Abstract: Many real-life scenarios require humans to make difficult trade-offs: do we always follow all the traffic rules or do we violate the speed limit in an emergency? These scenarios force us to evaluate the trade-off between collective rules and norms with our own personal objectives and desires. To create effective AI-human teams, we must equip AI agents with a model of how humans make these trade-offs in complex environments when there are implicit and explicit rules and constraints. Agents equipped with these models will be able to mirror human behavior and/or draw human attention to situations where decision making could be improved. To this end, we propose a novel inverse reinforcement learning (IRL) method: Max Entropy Soft Constraint IRL (MESC-IRL), for learning implicit hard and soft constraints over states, actions, and state features from demonstrations in deterministic and non-deterministic environments modeled as Markov Decision Processes (MDPs). Our method enables agents to implicitly learn human constraints and desires without the need for explicit modeling by the agent designer and to transfer these constraints between environment parametrizations. Extending prior work, which only considered deterministic hard constraints in deterministic environments, we compare our method to the classical Max Margin method for IRL and observe that our entropy based method is able to better estimate the cost of the constraints.

 

Nov 14

Learning to Elect a Committee

Ben Armstrong | University of Waterloo

Abstract:  Social choice studies problems of how to make group decisions in the presence of conflicting preference information; such as dividing items fairly between recipients or running an election. We apply an axiomatic perspective to the task of selecting multiple alternatives from voter preferences by asking (1) how often existing social choice functions provide desirable axiomatic properties, and (2) whether machine learning can be used to develop a social choice function which is more likely to exhibit the same desirable properties. 

We show that by generating informative training data, neural networks are able to avoid violating a wide range of axioms much more frequently than most existing multi-winner social choice functions. Our results also provide insight into the similarity of existing social choice functions and highlight a tension between axioms focused on proportional representation and those focused on individual excellence.  

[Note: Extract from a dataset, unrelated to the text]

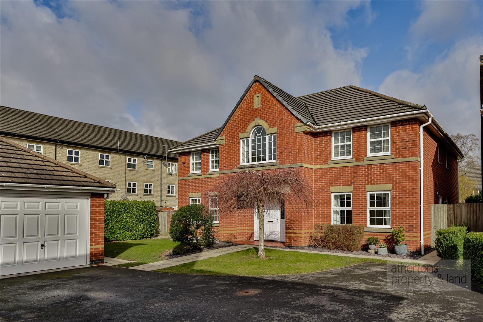 The property is approached via an uncommonly large driveway providing parking for several vehicles and leading to a detached double garage with two up-and-over doors, power and lighting. The front gardens are neatly lawned with well-kept borders, while a stone paved pathway leads around the property to a sheltered open porch.

About the Speaker: Ben Armstrong is currently a PhD candidate in the School of Computer Science at the University of Waterloo. He studies topics at the intersection of social choice and machine learning with the goal of demonstrating the benefits of interdisciplinary research and highlighting the longstanding parallels between social choice and machine learning. 

 

Nov 19

Geographical and Temporal Adaptation in Social Media Analysis for Emergency Management and Public Health

Xintian Li | Tulane University

Please join us for Xintian Li’s PhD dissertation defense talk.

This talk will be held on Tuesday, November 19, at 8:30 a.m. in Boggs 600. Please note the special weekday, time, and venue for this event. Zoom details will be provided via the announcement listserv, or you may email mnelson10@tulane.edu to request the corresponding link. 

Abstract:  Social media has emerged as a crucial resource for capturing public sentiment and behaviors during crises, offering real-time insights that can aid in emergency management and public health response. This dissertation investigates methods to enhance social media analysis by developing adaptable models that account for geographical and temporal variations. Through case studies in public health and natural disaster response, it demonstrates how advanced text classification and forecasting models can be applied to Twitter data to predict behaviors such as vaccination uptake and hurricane evacuation intent. By combining social media sentiment with geographic data and incorporating domain adaptation techniques, these models improve the accuracy and applicability of predictions across diverse regions and events. The findings underscore the value of social media as a tool for crisis management, enabling authorities to make proactive, data-driven decisions that can help save lives and allocate resources more effectively.